Radiation-damping effects in a birdcage resonator with hyperpolarised 3He gas NMR at 1.5 T

Abstract

The presence and diagnosis of radiation damping could have major implications in NMR experiments with hyperpolarised gases, where accurate knowledge of the flip angle is imperative. In this work radiation damping was observed and investigated in a low-pass birdcage resonator ( Q = 250) with samples of hyperpolarised 3He at 1.5 T. With an initially highly polarised ( P = 38%) sample of 3He in a spherical cell, the observed FID had a distorted line shape with a spectral line width that was three times that of the same sample in a virtually depolarised state (1 Hz line width for P < 1%). Moreover a linear relation between the sample’s magnetisation ( M 0) and the line width of the spectrum was observed which is indicative of radiation damping. With highly polarised samples, significant radiation damping was observed and the effect was a lower than expected rate of depletion of M 0 in RF flip angle calibration experiments, which led to significant underestimate of the RF flip angle. To our knowledge this is the first report of radiation damping in a birdcage resonator with samples hyperpolarised or otherwise. Experimental observation of radiation damping could be used as means of measuring coil efficiency as an alternative to the geometrical filling factor ( η) the definition of which is open to question for a birdcage resonator. Estimates of the birdcage filling factor from the measured damping time constants ( η RD = 0.4%) are compared to those derived from electromagnetic energy ratios ( η E = 1.6%) and metallic sphere frequency shift methods ( η fs = 1.4%).

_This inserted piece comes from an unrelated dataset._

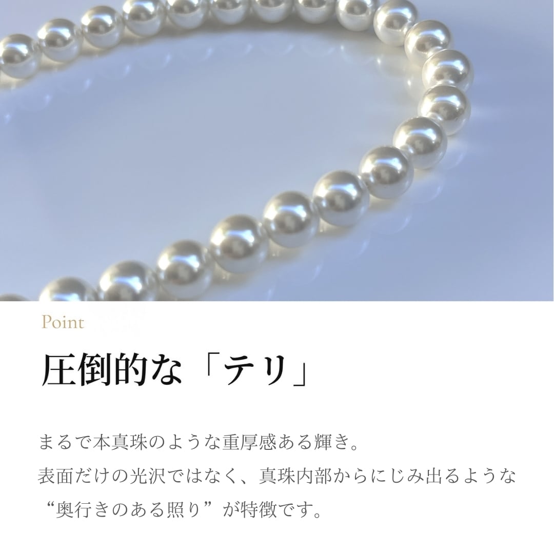 スタンダードな8mm珠×ロング120cmは、ハレの日のアイテムにぴったり。1連、2連とコーディネートに合わせてお使いいただけます。

These figures are much lower than the simple volume geometrical upper limit of η v = 3.7% derived from the ratio of cell volume to total coil volume (shield included). The physical explanation for this shortfall is that the bulk of the magnetic energy stored in the birdcage is spatially distributed predominantly between the rungs and the shield, and not in the coil centre where the sample is placed and where the B 1 + field has its highest spatial homogeneity.